Activity
Where the data below contains pictures, omit them; output the rest word for word.
START Collected material
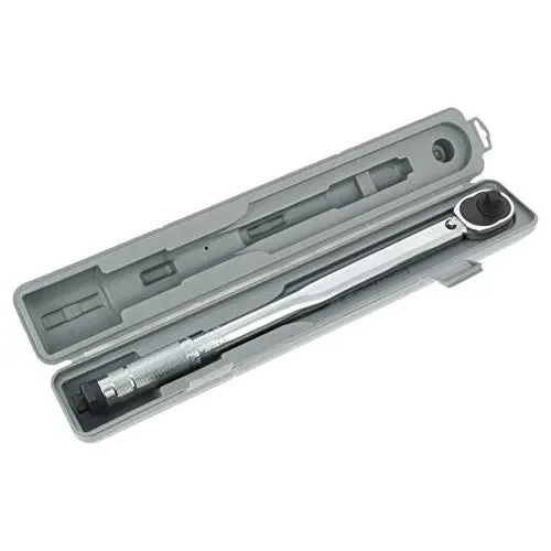 Chiave dinamometrica a cricchetto da impiegarsi con bussole (non incluse). Consente di serrare i bulloni stabilendo preventivamente la forza massima da esercitare. Lo strumento ottima per un serraggio controllato di viti e bulloni.
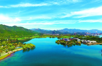 藍天白云下的雁棲湖空氣清新、美如畫卷。本報特約攝影卜向東
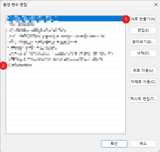 2. zip 파일 다운로드 후 압축 해제한 파일을 c:\flutter 에 옮겨주고 환경 변수에 c:\flutter\bin 을 Path에 입력해 줍니다. C:\flutter은 본인이 원하는 곳으로 해주면 됩니다. 공식 사이트에서는 C:\src\flutter로 되어 있네요.
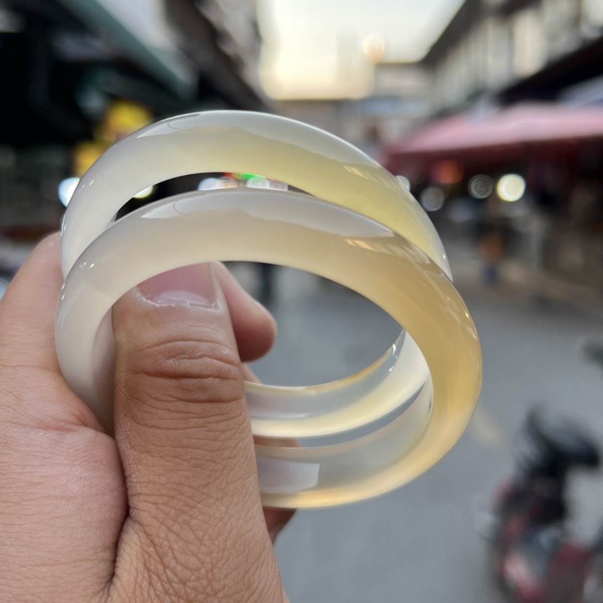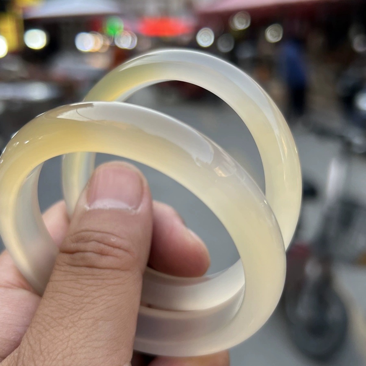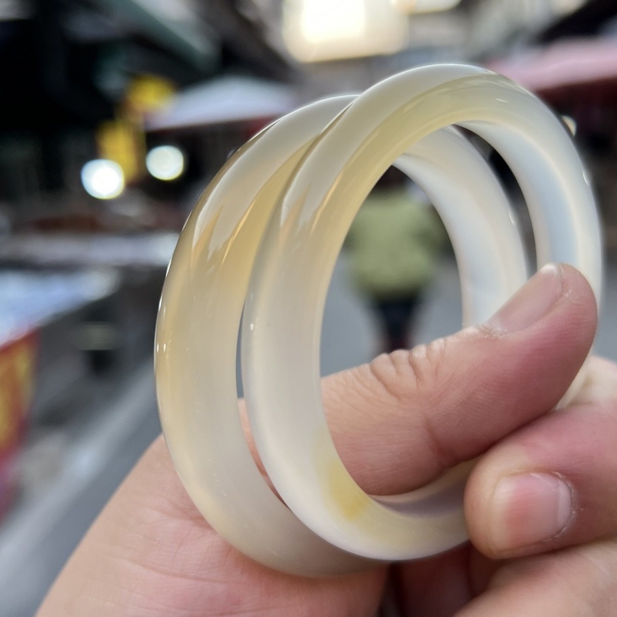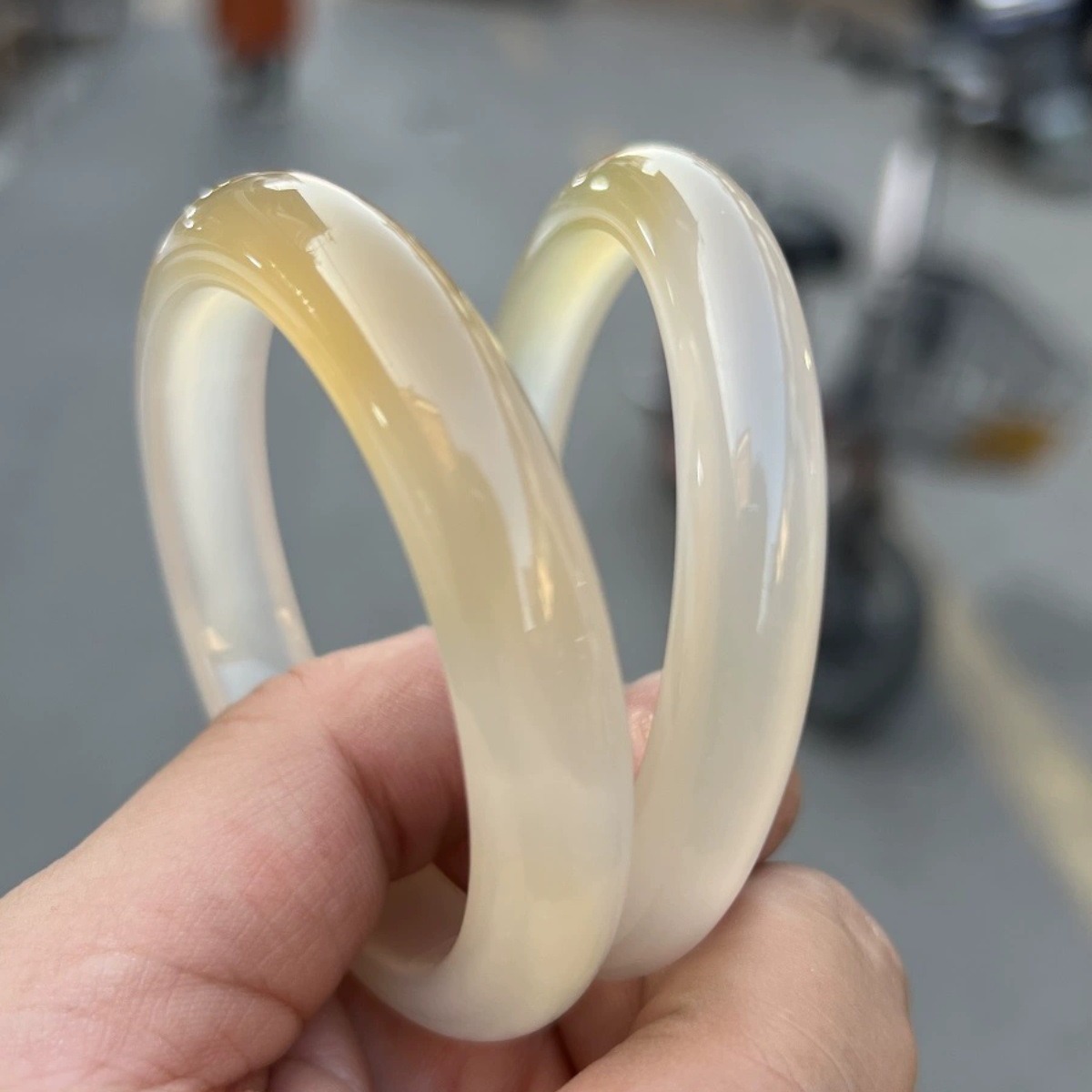 高氷種一口糖ブレスレット半山水玉瑪瑙玉髄石英岩白黄二色プレゼント女
END Collected material
Exercise solution
 Chiave dinamometrica a cricchetto da impiegarsi con bussole (non incluse). Consente di serrare i bulloni stabilendo preventivamente la forza massima da esercitare. Lo strumento ottima per un serraggio controllato di viti e bulloni.
 藍天白云下的雁棲湖空氣清新、美如畫卷。本報特約攝影卜向東
 2. zip 파일 다운로드 후 압축 해제한 파일을 c:\flutter 에 옮겨주고 환경 변수에 c:\flutter\bin 을 Path에 입력해 줍니다. C:\flutter은 본인이 원하는 곳으로 해주면 됩니다. 공식 사이트에서는 C:\src\flutter로 되어 있네요.
 高氷種一口糖ブレスレット半山水玉瑪瑙玉髄石英岩白黄二色プレゼント女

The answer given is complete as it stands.